Genu valgum in children.
Genu valgum is one of the reasons why an orthopaedic assessment is most frequently required in children. “My son has X-shaped knees, is that normal? Can we do something?”
In most cases these are physiological conditions for which it is enough to reassure parents. Yet, in some cases, more attention is required.
PHYSIOLOGICAL DEVELOPMENT OF THE KNEE IN CHILDREN
Typically the lower limbs of newborns show a slight varus axis, which is more evident when the infant starts to stand, with consequent concern of the parents.
The axis then tends to improve spontaneously, reaching the neutral axis around 18-24 months and then continuing towards valgus deviation, with a peak around 3.5 – 4 years.
Finally, valgus deviation decreases again and gradually returns to the mild physiological valgus of the adult’s knee.
This description obviously corresponds to an average of healthy subjects, so it is possible to find small variations from the average. For example, it is common to find children with slight deviation (with respect to the graph), without this falling into a pathological picture.
The genu valgum: evaluation.
The simplest and most immediate way to evaluate the genu valgum is to make the child stand with his thighs touching (that is, the two thighs must not be forced to tighten) and the feet separated. Patellae should look forward. Knees should not be flexed.
In this way you will immediately visually have the idea of the condition. We advise parents to take photos periodically (every 6 months) in this position from front and back to keep track of the situation over time without performing radiographs.

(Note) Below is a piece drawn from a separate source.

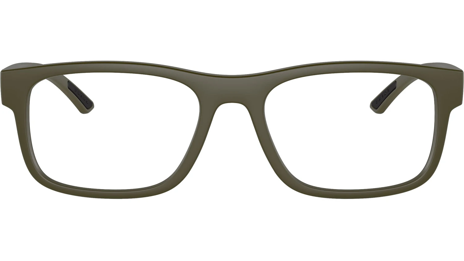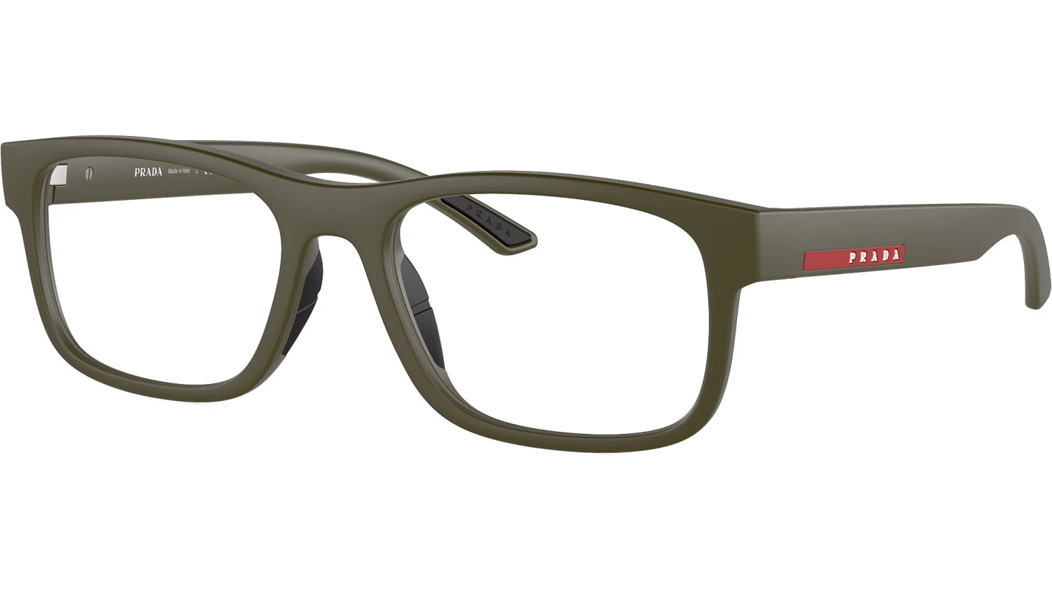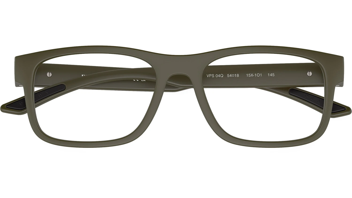 Prada Linea Rossa PS 04QV 15X1O1 glasses for men, featuring matte military green rectangular injection frame and demo lenses. High bridge fit. Brand line: Lifestyle. Style code: PS04QV. Color code: 15X1O1. Made in Italy. Authorized Prada Sport online reseller. Your glasses will include the original case and accessories and are covered by a 12-month global warranty.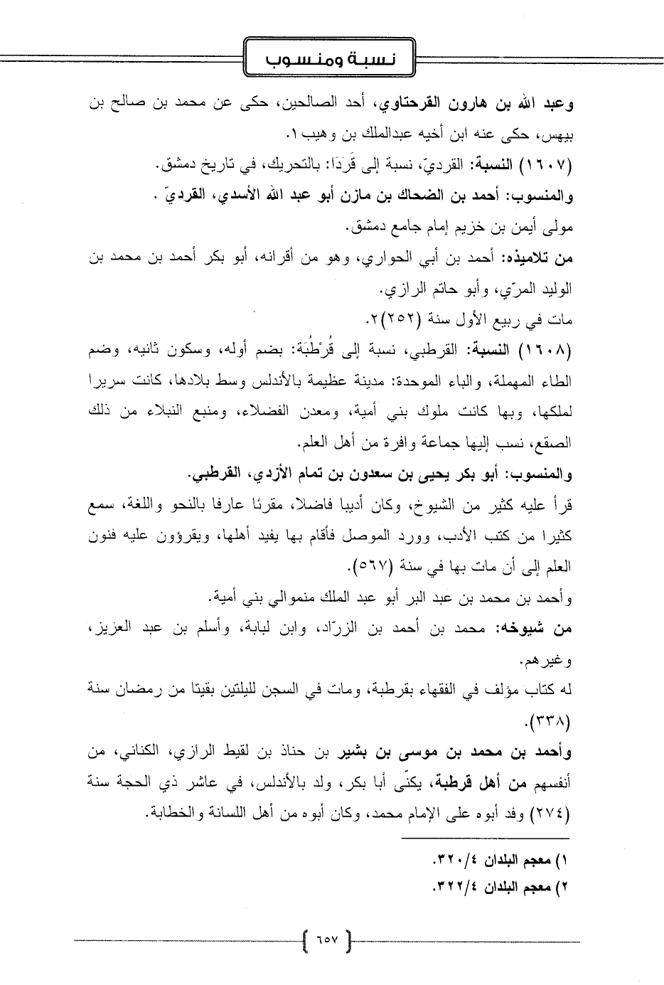 (1608) النسبة: القرطبي، نسبة إلى قُرْطُبَة: بضم أوله، وسكون ثانيه، وضم الطاء المهملة، والباء الموحدة: مدينة عظيمة بالأندلس وسط بلادها، كانت سريرا لملكها، وبها كانت ملوك بني أمية، ومعدن الفضلاء، ومنبع النبلاء من ذلك الصقع، نسب إليها جماعة وافرة من أهل العلم.

In this position one can evaluate the angle between the thigh and the leg (difficult to measure) or alternatively measure the Inter-Malleolar Distance (IMD), that is the distance that separates the two malleoli.
This is an empirical measure affected by many parameters (correct positioning of the child or the presence of fat thighs, etc), but has the advantage of simplicity and can allow to monitor the progression of axis over time.
In general, an IMD below 6-8 cm is considered physiological, always considering all the aspects (age, trend, overweight, etc).
Idiopathic and secondary genu valgum
Some children, after the completion of the physiological development of the knee axis (then after about 8 years), continue to present, even in the absence of underlying pathologies, an excessive valgus knee.
This can lead to problems, in particular: obstacles in walking and running, patellar disturbances, stress on the ligaments on the medial side of the knee and aesthetic disturbances.
If not corrected, over time can lead to excessive overload with wearing of the cartilage of the knee.
Genu valgum is due to an underlying pathology. Some examples are:
• Rickets. It is among the most frequent forms
• Mild hypoplasia of femur (congenital short femur)
• Post-traumatic valgus: following a fracture
• Skeletal dysplasia: metaphyseal, spondyloepiphyseal, etc
• Multiple exostosis: see relative page
Treatment of genu valgum in children
For most children with genu valgum it is enough to reassure parents and consider good standards of personal care and active life (attention to overweight, sports practice, use of appropriate footwear, etc.).
Do the orthopaedic shoes and orthotics work? Effectiveness has never been proven.
Are the night braces working? No, and they are poorly tolerated by children.
Surgical interventions: epiphysiodesis and osteotomies.
For more pronounced cases of valgus knee, corrective intervention should be considered.
In preparation for surgery, radiographs are performed to calculate the mechanical axes.
It’s a simple and very effective procedure if done properly. Metallic tools (the most frequent is the “eight-plate”) are applied on the medial (=internal) side of the growth cartilage of the knee in order to slow the growth in this area. The remaining cartilage in the lateral part continues to grow and leads progressively to the correction.
The plates can be placed at the femur (more frequently) and/or tibia based on the site of deformity. The correction of the axis does not occur directly in the operating room, but progressively with time: the speed is proportional to the growth of the operated limb.
The basic requirement is that the child has residual growth.
It’s a minimally invasive procedure, it doesn’t need immobilization or plaster, you can do it on both knees at the same time. Patients quickly recover walking and return to sporting activity within a few weeks.
It is a temporary procedure: once the desired objective has been reached (that is, once the axis has been corrected), plates are removed and the physis is supposed to start to grow again.
However, two possible risks must be considered.
- The risk of lesions of the growth cartilage produced by the plate itself: once the plates are removed, the knee will still deviate in the direction of correction, leading to hyper-correction
- The rebound effect: Once the plates are removed, cartilage starts to grow too much, leading to a recurrence of the deformity.
For this reason, it is necessary to perform the procedures with the correct technique, timing and indications.
Corrective osteotomy for genu valgum
It is a very effective surgery for the treatment of valgus knee, but more challenging than the epiphysiodesis. Bones are corrected and fixed in the new position by metallic tools (Kirschner wires, plates, screws, etc.).